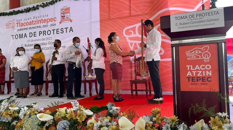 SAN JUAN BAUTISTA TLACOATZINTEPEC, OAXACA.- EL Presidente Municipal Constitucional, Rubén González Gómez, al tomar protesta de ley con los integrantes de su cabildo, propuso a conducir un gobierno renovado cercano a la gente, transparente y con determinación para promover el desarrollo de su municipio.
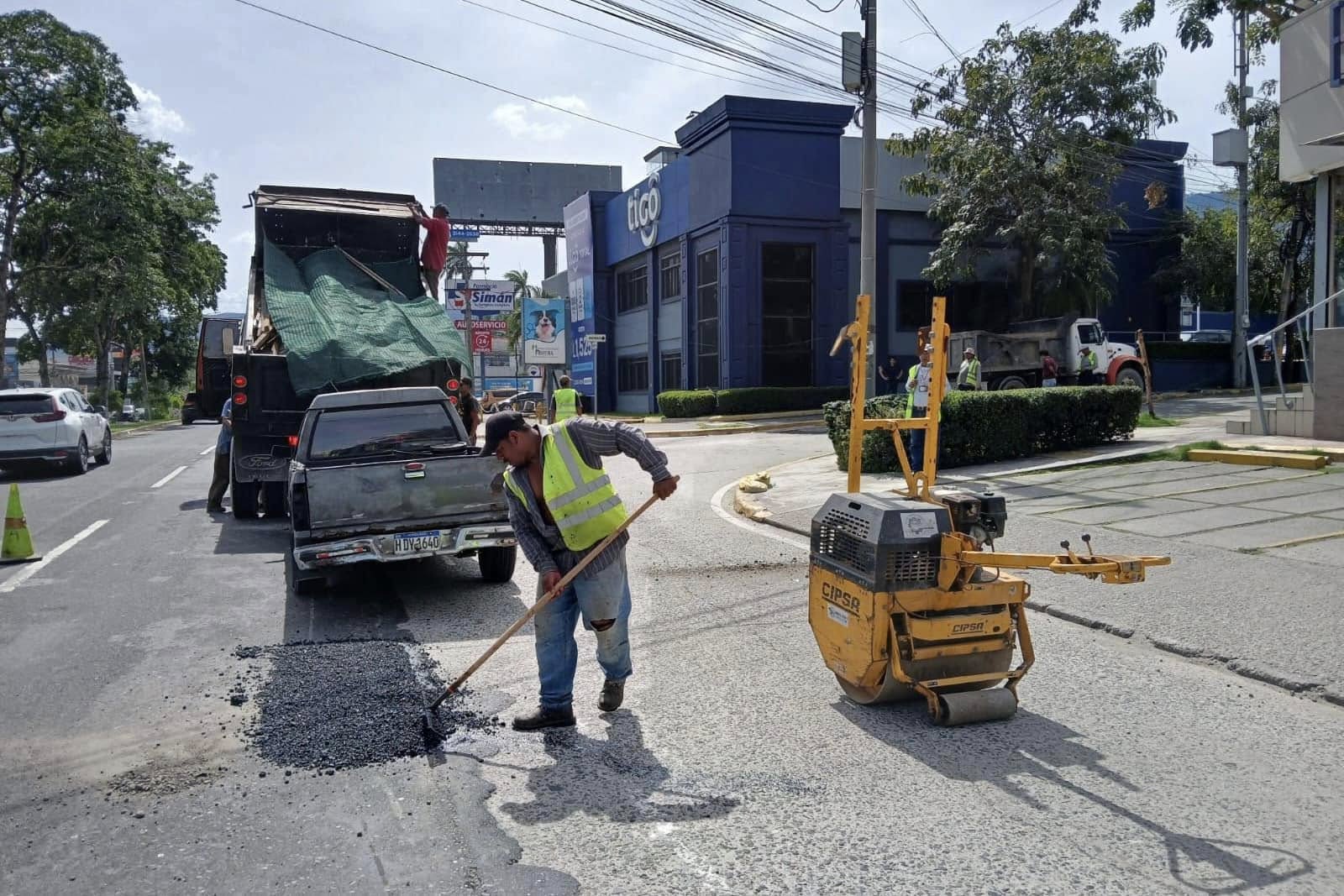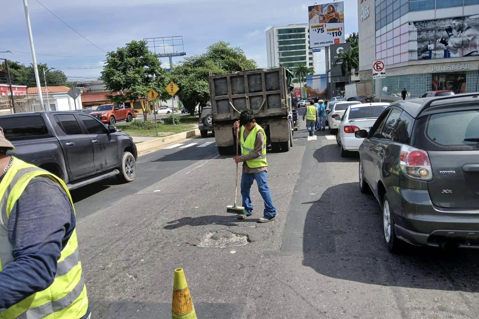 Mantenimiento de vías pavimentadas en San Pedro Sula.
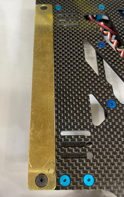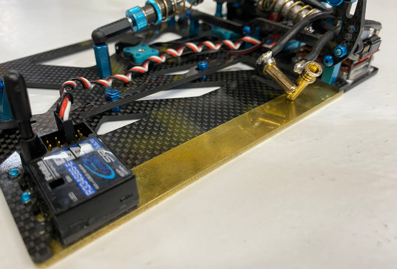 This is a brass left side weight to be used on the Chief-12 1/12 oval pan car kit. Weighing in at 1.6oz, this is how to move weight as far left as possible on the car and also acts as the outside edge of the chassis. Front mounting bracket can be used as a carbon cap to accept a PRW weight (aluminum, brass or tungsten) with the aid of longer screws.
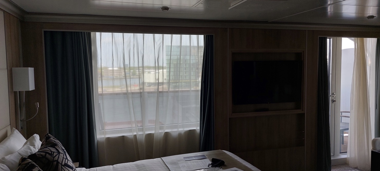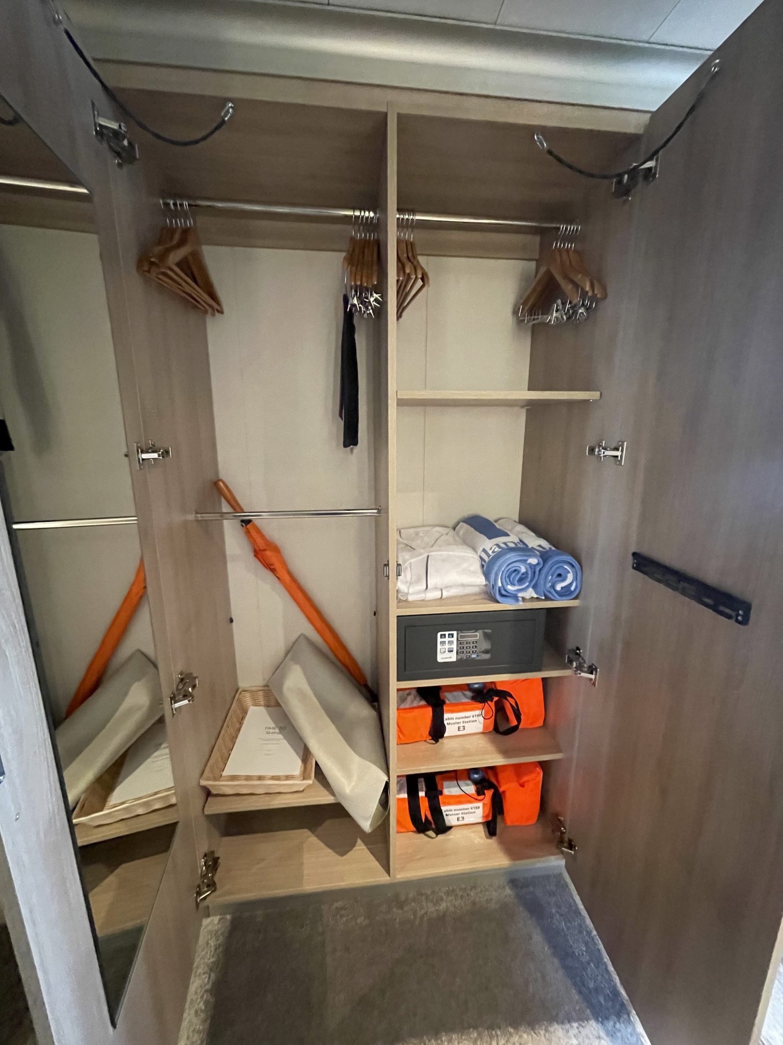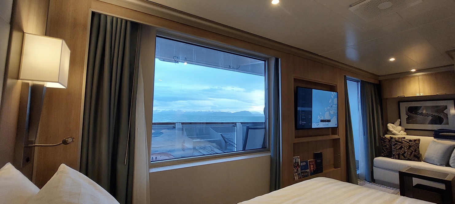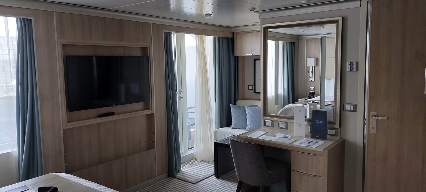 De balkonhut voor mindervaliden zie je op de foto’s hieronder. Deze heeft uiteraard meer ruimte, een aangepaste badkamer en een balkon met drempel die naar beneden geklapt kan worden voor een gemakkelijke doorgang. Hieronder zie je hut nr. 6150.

...

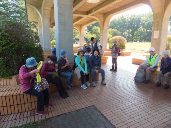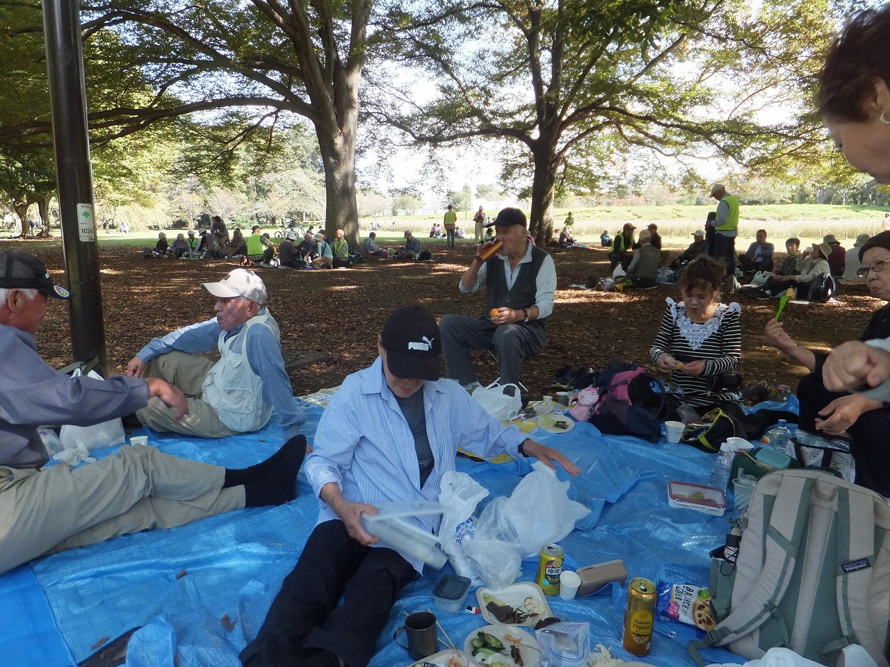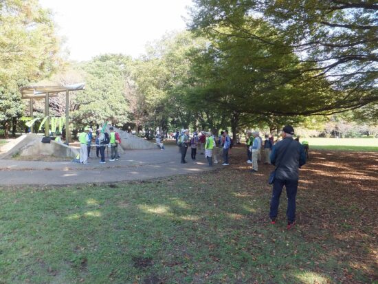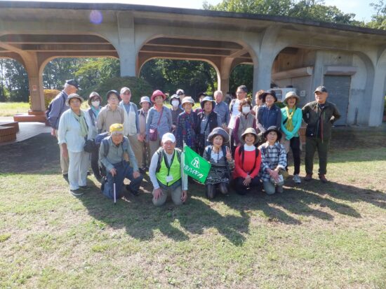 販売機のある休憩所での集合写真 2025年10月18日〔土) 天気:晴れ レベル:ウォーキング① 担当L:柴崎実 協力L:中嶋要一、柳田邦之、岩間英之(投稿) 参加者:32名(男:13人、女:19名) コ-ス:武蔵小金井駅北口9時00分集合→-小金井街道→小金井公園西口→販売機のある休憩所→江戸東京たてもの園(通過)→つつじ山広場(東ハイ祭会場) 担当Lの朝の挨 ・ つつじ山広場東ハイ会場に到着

__Your objective__: The answer should consist only of the lines above from the one with "Mantenimiento de vías" through the one with "De balkonhut voor", repeated exactly, with no pictures among them.

__Task result__:
 Mantenimiento de vías pavimentadas en San Pedro Sula.
 This is a brass left side weight to be used on the Chief-12 1/12 oval pan car kit. Weighing in at 1.6oz, this is how to move weight as far left as possible on the car and also acts as the outside edge of the chassis. Front mounting bracket can be used as a carbon cap to accept a PRW weight (aluminum, brass or tungsten) with the aid of longer screws.
 De balkonhut voor mindervaliden zie je op de foto’s hieronder. Deze heeft uiteraard meer ruimte, een aangepaste badkamer en een balkon met drempel die naar beneden geklapt kan worden voor een gemakkelijke doorgang. Hieronder zie je hut nr. 6150.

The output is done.